# Dowelling Jig - advice please



## Deems (5 Aug 2020)

I am thinking of buying a dowelling jig for a project ( boot storage box) that will involve 90 degree corner joints and internal shelves. I have a biscuit jointer but was wondering whether a dowelling joint will make stronger joints? 

The main issue here is that the person who wants the box will wish sit on it whilst changing boots. (I guess it might be feasible to strengthen the top of the box with a thickish strop of wood fixed underneath the top and running the length of the top, but am toying with the idea of using dowels for greater strength)

What experience do others have of dowelling jigs? I need 100% accuracy and think I will struggle with the cheaper hand held devices. I’ve looked online at the Jessem (the expensive one, costs about £150 from Peter Sefton’s site) and the Milescraft Joint Pro( costs about £100 from Rutlands) Both look good but are not cheap, so I want to know if anyone else has any experience of either of these tools?

Thanks in anticipation


----------



## AndyT (5 Aug 2020)

The best way to make a strong box is to dovetail the corners. 

This sounds like a fairly utilitarian project, so it could be an ideal chance to have a go. The joints don't have to be perfect to be incredibly strong.

And assuming you already have a saw and a chisel, you don't need to spend a lot of money on new tools.


----------



## That would work (5 Aug 2020)

No, dowels will not be stronger for that, in fact biscuits can be better because they swell due to using water based adhesive. Given this I definately wouldn't be thinking of buying a dowelling jig... if you use dowels it's pretty easy to make your own jig according to what you are doing.


----------



## maznaz (6 Aug 2020)

You can use the joint genie and some 10mm dowels for a super strong and accurate joint. You can look online at the merits of various joint types by googling for the dowelmax joint tests.


----------



## TheTiddles (8 Aug 2020)

I think you have the wrong thinking, or, well, very common thinking that’s not out of place, but wrong from a design perspective.

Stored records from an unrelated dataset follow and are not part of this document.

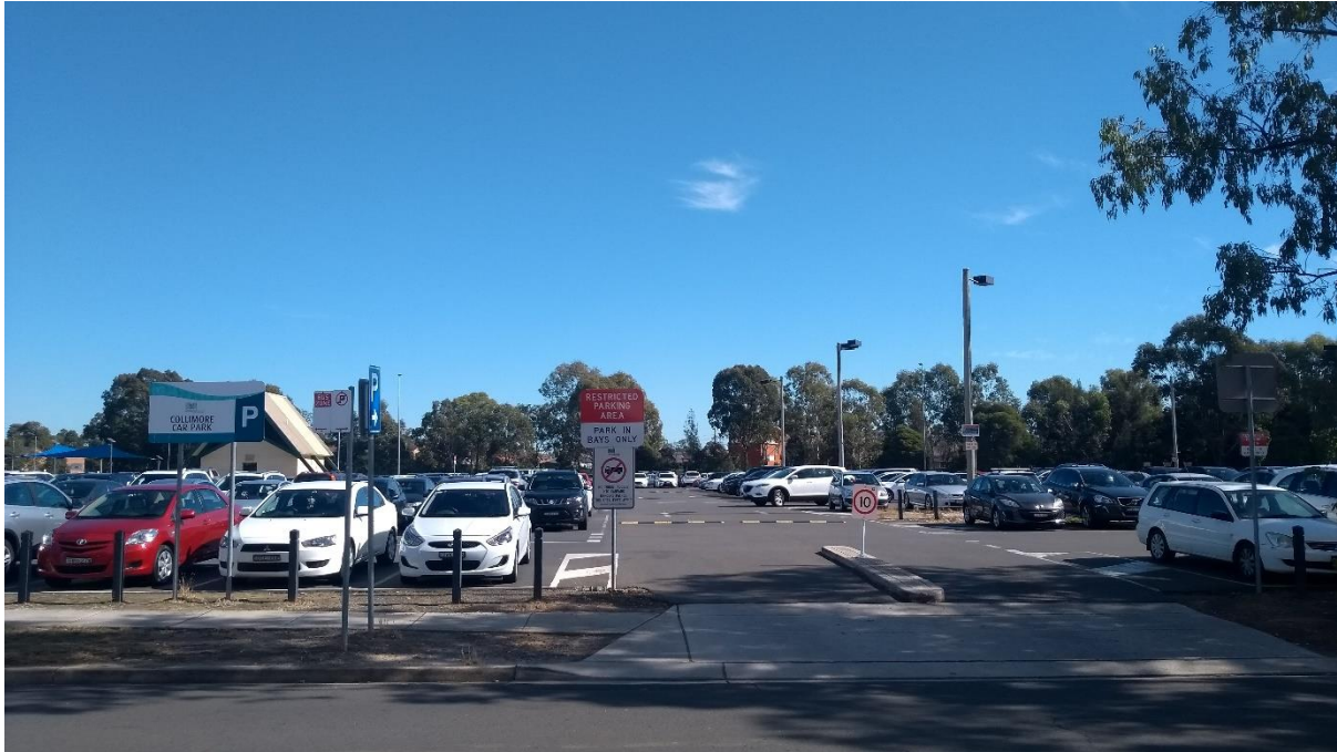
Figure 5 Looking at the subject site from Collimore Ave in a westerly direction
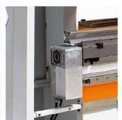
CNC Motorized Crowning System (S) CNC crowning system that communicates with the CNC controller, performs crowning automatically and enables the part to be at even bending angle at any given point.
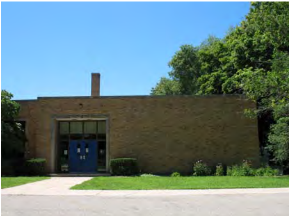
752 Lugers Road, Holland Lakeview Elementary School
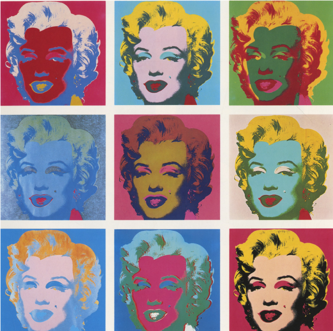
Figure 8: Andy Warhol, Marilyn Monroe . (© 2014 The Andy Warhol Foundation for the Visual Arts)
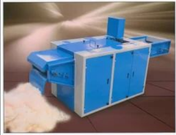
Roving Waste Opener Machine
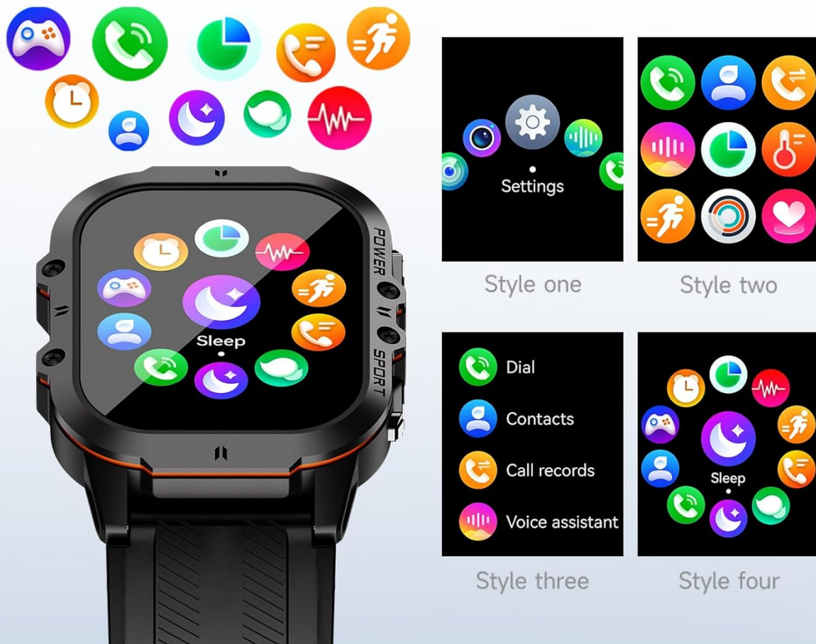
Figure 8.1: Detailed dimensions and key specifications of the Vowtop C26 Smart Watch.

Many functions, waiting for you to explore Four menu modes for you to choose
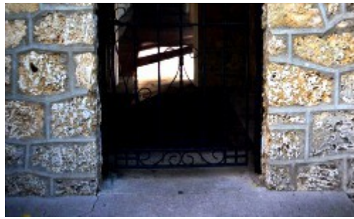
Scary Sunday services?
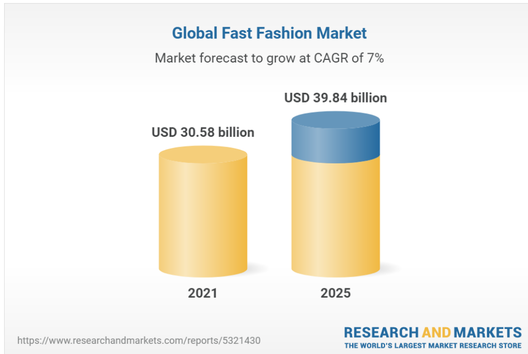
Figure 4: Global fast fashion market growth

Source: "Fast Fashion Global Market Report 2021: COVID-19 Growth and Change to 2030" (54)
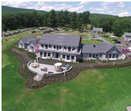
The Travis Mills Foundation lakeside retreat in Mount Vernon, Maine, houses wounded veterans and their families as they recuperate.

For more information about the Travis Mills Foundation or to learn about how to get involved, please visit https://travismillsfoundation.org/
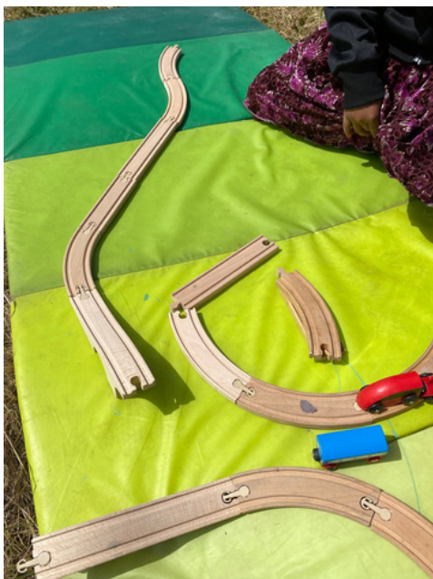
^ Train tracks

Alongside our themed activities, we offer a variety of free play options and set aside time at the end of the sessions for child-led play. This is a great moment when children can make their own choices and decide what they want to do! Highlights this month have included:
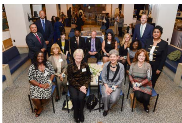
Henry Ford's 2016 Diversity Heroes with System leadership at the award program and celebration.
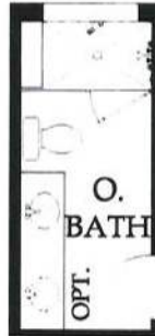
Walk-In Shower Option @ Owner's Bath

Personalize your home design. Visit delwebb.com/lakewoodranch to access our interactive floor plan tool.
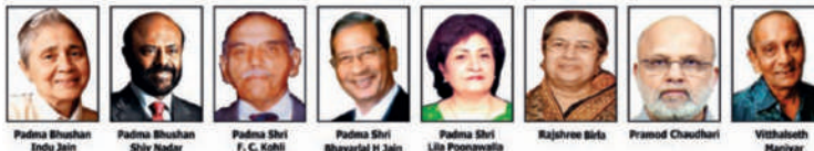
Padma Bhushan Indu Jain
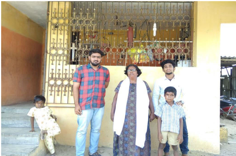
Visit to the Freedom Children's home near Minjur
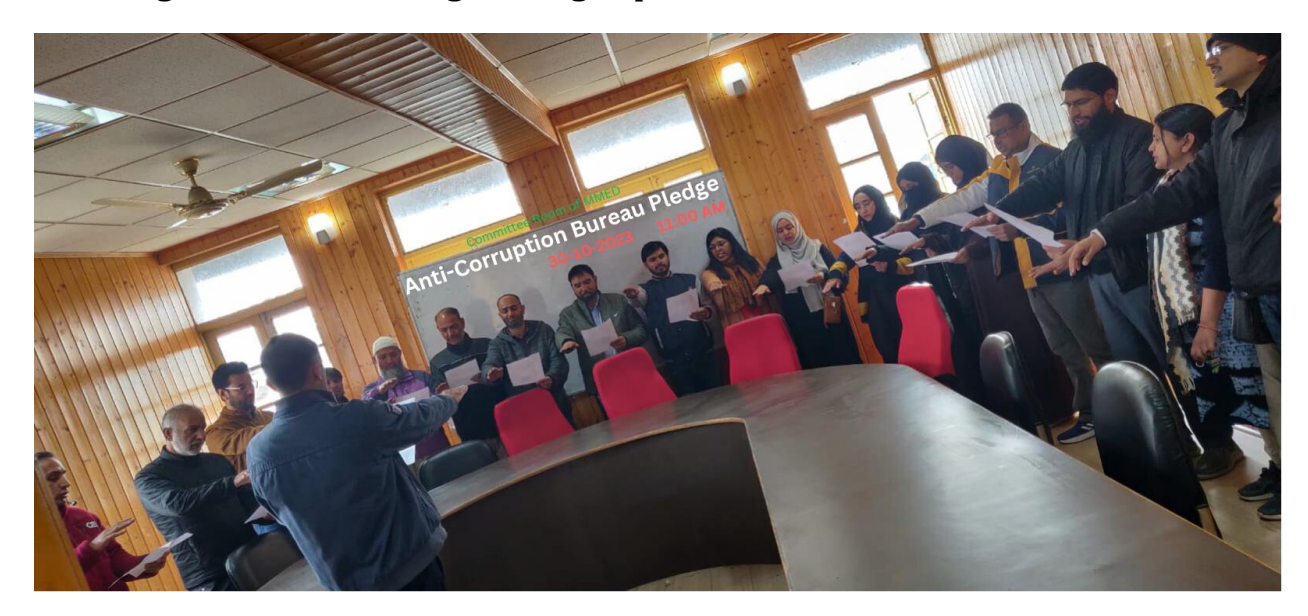
Department of Physical Education
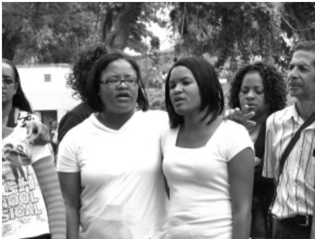
Songs of praise accompanied the baptism
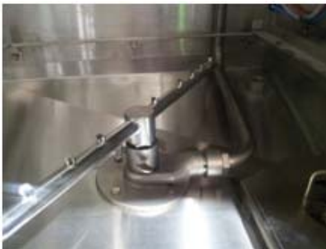
Spray arm, base w/thumb screws
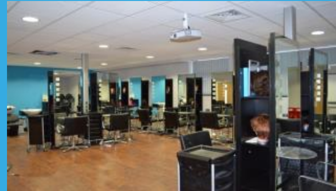
Hair and Beauty Salons
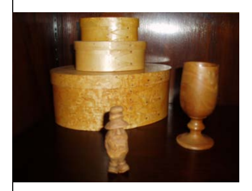
Shaker boxes, carved figure and turned vessel by AR
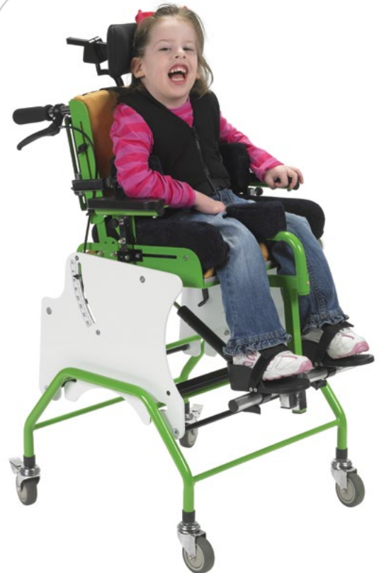
MSS with optional High Rolling Base
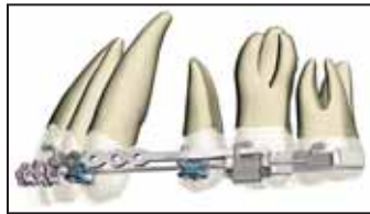
504 Differential Friction

Various contemporary mini-screws are depicted on this month's cover. (See p. 527 for a list of manufacturers.)
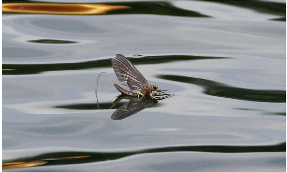
Figure 1. A freshly-hatched mayfly adult emerges onto the surface of the Susquehanna River and prepares to fly off in early May.

For the past three years, students from my research lab have been exploring various aspects of the benthic macroinvertebrate community in the Susquehanna River to answer basic questions about their diversity and abundance. We’ve sampled from dozens of locations and identified thousands of benthic macroinvertebrates from hundreds of different genera. The patterns

If you are having to make a really strong joint to take a load, you’ve probably designed it wrong as the joints are usually much weaker than the parent material, for instance, if you had two vertical sides and then a top between them like a shelf in a bookcase, to take the load of a person sitting on it you’d need a chuffing strong joint as it would be in bending, shear and tension, so dovetails would be a good choice for this bad situation.

If the same piece the person sat on was across the top of both verticals like a lid, a couple of screws through the top into the sides would suffice as the joint is substantially in compression with a bit of shear from the top bending. If you then put some rails under the top to minimise the bending, you wouldn’t even need the screws, see what I mean?

As for 100% accuracy, I wish you well. Good design doesn’t need super accuracy or precision, if you plan around it, you should be able to avoid the need in many cases and that’s partly what I like in design, something that looks perfect and sharp but has actually got a design that accommodated errors all the way through so in the end the result looks flawless.

Aidan


----------



## Trainee neophyte (9 Aug 2020)

I made something similar last year and used loose tenons (big dowels, in other words). The strength is all in having the lid sit on top of the sides, as Mr Tiddles explains so much more eruditely than I could.

If I was doing it again, I would be attempting my first dovetails, because the box I made (more of a bench, but definitely a box) is 2 metres long, and as it lives outside the amount of movement in the wood is impressive. Making it out of scaffold boards hasn't helped, but it is holding together so far. Lots of shearing forces across the plane of the joint as it expands and contracts - dowels might be a bit on the small side. I don't have any festool kit, but made my own floating tenons and used a router for the mortises - (I had only just learned about loose tenons, so thought I would have a bash).


----------



## Eric The Viking (9 Aug 2020)

I have one large toolchest, that mostly holds my plane collection (in the house, in the winter). But it first had a hard life as a cable chest* for the BBC, and I got it when it was "retired" (thrown out). 

So the box was strong but utilitarian - good quality ply - and the volume was about what I wanted, but it needed trays. I got as far as making a whole one, way back in the early 1980s. Recently I had a careful look at the tray, as I couldn't work out how it had survived - full of heavy tools., thumped in and out of the chest regularly, etc. 

To my surprise (for I had quite forgotten), I found that I had done dovetails. They look completely horrible - nothing fits, they aren't even trimmed off very neatly, and being softwood, they are splintery and, well, just nasty. But they have survived: they aren't loose, and there is still a lot of weight on that tray.

So my vote is for dovetails too! ;-)

E.

*It held short but heavy interconnecting cables for outside broadcast equipment, so got lugged around all over the place. It's a delightful batttleship grey, too, probably in heavy lead paint!


----------



## Spectric (23 Aug 2020)

Hi

If you want dowels then the Dowelmax is really accurate and easy to use and will be stronger than biscuits which are great for alignment but not strength. You could also look at lock mitre bits for the router, both Wealdon tools and Infinity sell these. If it was something fancy then Dovetails do look pretty but can be time consuming unless you have a jig or Woodrat.


----------